### [WHAT IS EXPECTED]
Output each line of the listing exactly, though pictures are not to appear.

### [GIVEN MATERIAL]
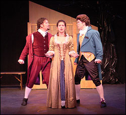 Unfortunately, the third side of the love triangle that comprises most of the story is slightly weaker. Brian Eric Stivale sings well as Brom Bones, Katrina's current lover and childhood friend. However, he seems slightly less an original character than the others; the presence of a comic sidekick (Lars, played by Ed Smit) and the style of his music (particularly "Who Needs Schoolin'?" in the first act) often make him appear to be an imitation of Gaston from Beauty and the Beast. Director John DeBlass has generally staged the material simply and effectively, keeping the story moving along swiftly. The biggest lag is near the end of the first act in the first of two chase scenes, which is over almost before you're sure it's begun. His choreographer, Maria Zannieri, stages a strong dance for the party near the end of the show, but some of her other moments - including the opening ballet and the dance in "Who Needs Schoolin'?" leave something to be desired. Deborah R. Rosen's sets and Paul Ziemer's lights are perfectly adequate, and Shana McKay Burns has provided some beautiful costumes. Though the musical is aimed squarely at family audiences, it is likely adults will enjoy the show more than children, due to the focus on the central love triangle. Scenes dealing with the Headless Horseman are generally few and far between and staged abstractly (though appropriately) when they do come about. DeBlass, Belviso, and Baum create some suspense, particularly near the end, but the show lacks the tension needed to ever be truly scary. Regardless, this adaptation of The Legend of Sleepy Hollow can be appreciated by audience members of any age for its interesting new take on Irving's story and its haunting, beautiful score. Photos: Deborah R. Rosen
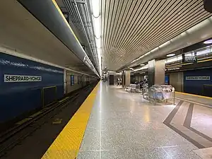 ![]() Sheppard–Yonge station Line 1 platform in 2023 | ||||||||||||||||
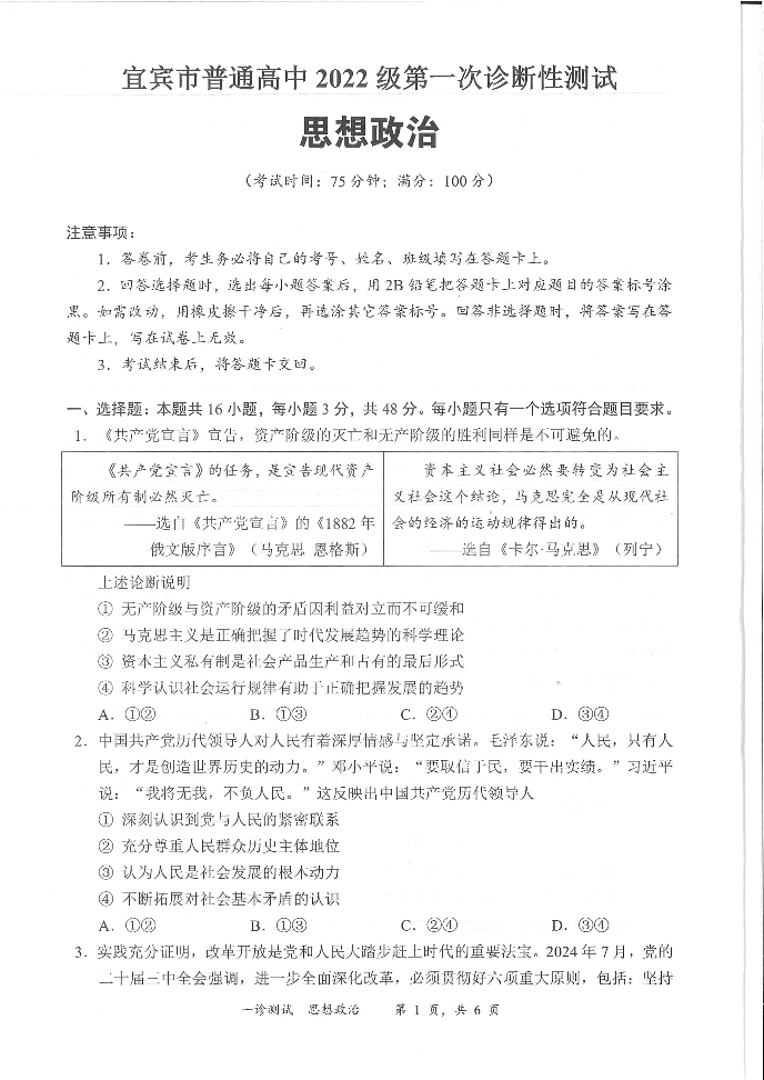 四川省宜宾市2025届高三第一次诊断性考试 政治

### [SOLVED EXERCISE]
 Unfortunately, the third side of the love triangle that comprises most of the story is slightly weaker. Brian Eric Stivale sings well as Brom Bones, Katrina's current lover and childhood friend. However, he seems slightly less an original character than the others; the presence of a comic sidekick (Lars, played by Ed Smit) and the style of his music (particularly "Who Needs Schoolin'?" in the first act) often make him appear to be an imitation of Gaston from Beauty and the Beast. Director John DeBlass has generally staged the material simply and effectively, keeping the story moving along swiftly. The biggest lag is near the end of the first act in the first of two chase scenes, which is over almost before you're sure it's begun. His choreographer, Maria Zannieri, stages a strong dance for the party near the end of the show, but some of her other moments - including the opening ballet and the dance in "Who Needs Schoolin'?" leave something to be desired. Deborah R. Rosen's sets and Paul Ziemer's lights are perfectly adequate, and Shana McKay Burns has provided some beautiful costumes. Though the musical is aimed squarely at family audiences, it is likely adults will enjoy the show more than children, due to the focus on the central love triangle. Scenes dealing with the Headless Horseman are generally few and far between and staged abstractly (though appropriately) when they do come about. DeBlass, Belviso, and Baum create some suspense, particularly near the end, but the show lacks the tension needed to ever be truly scary. Regardless, this adaptation of The Legend of Sleepy Hollow can be appreciated by audience members of any age for its interesting new take on Irving's story and its haunting, beautiful score. Photos: Deborah R. Rosen
 ![]() Sheppard–Yonge station Line 1 platform in 2023 | ||||||||||||||||
 四川省宜宾市2025届高三第一次诊断性考试 政治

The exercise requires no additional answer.